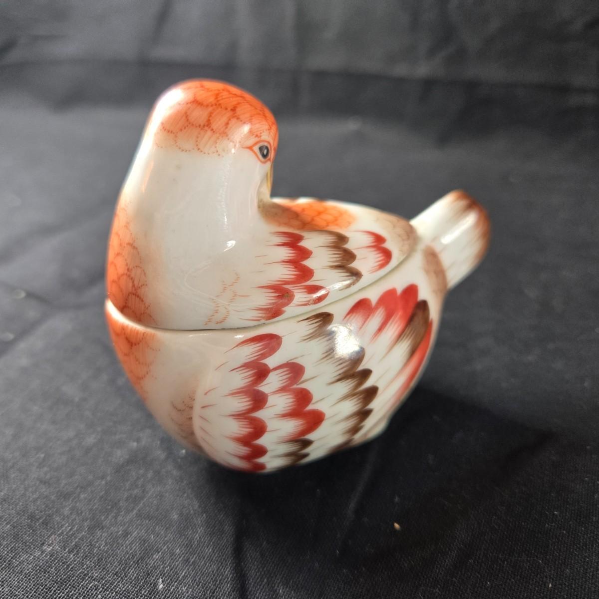 Bird Trinket Box by Herend Porcelains of Hungary. This sweet little bird trinket box is a great example of Herend work.. It has a pressed number of 6075 on the bottom. Condition is very good - no chips or cracks. The bird measures about 3-inches long x 2.75- inches tall. Since Herend was founded in 1826, famous customers bought it’s porcelain. In the 19th Century Queen Victoria was one of the first Herend porcelain customers. These days Herend figurines are still beloved. Lady Diana was a collector of Herend, but also Arnold Schwarzenegger has a large collection of Herend Animal Figurines.
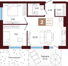 Продаётся 2-комнатная квартира в строящемся доме (литер 1), срок сдачи: III-кв. 2026, общей площадью 52.4 кв.м., на 1 этаже. Новый жилой комплекс "ЯРАТАУ" от застройщика "СЗ НВ - 1" расположен по адресу Россия, Республика Башкортостан, Иглинский район, село Акбердино, Газпромовская улица.
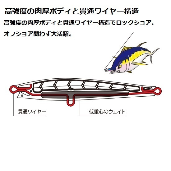 ■高強度の肉厚ボディと貫通ワイヤー構造でロックショア、オフショア問わず大活躍

> _What the task requires_: Would you repeat the material exactly, keeping out any pictures?

> _Task output_:
 Bird Trinket Box by Herend Porcelains of Hungary. This sweet little bird trinket box is a great example of Herend work.. It has a pressed number of 6075 on the bottom. Condition is very good - no chips or cracks. The bird measures about 3-inches long x 2.75- inches tall. Since Herend was founded in 1826, famous customers bought it’s porcelain. In the 19th Century Queen Victoria was one of the first Herend porcelain customers. These days Herend figurines are still beloved. Lady Diana was a collector of Herend, but also Arnold Schwarzenegger has a large collection of Herend Animal Figurines.
 Продаётся 2-комнатная квартира в строящемся доме (литер 1), срок сдачи: III-кв. 2026, общей площадью 52.4 кв.м., на 1 этаже. Новый жилой комплекс "ЯРАТАУ" от застройщика "СЗ НВ - 1" расположен по адресу Россия, Республика Башкортостан, Иглинский район, село Акбердино, Газпромовская улица.
 ■高強度の肉厚ボディと貫通ワイヤー構造でロックショア、オフショア問わず大活躍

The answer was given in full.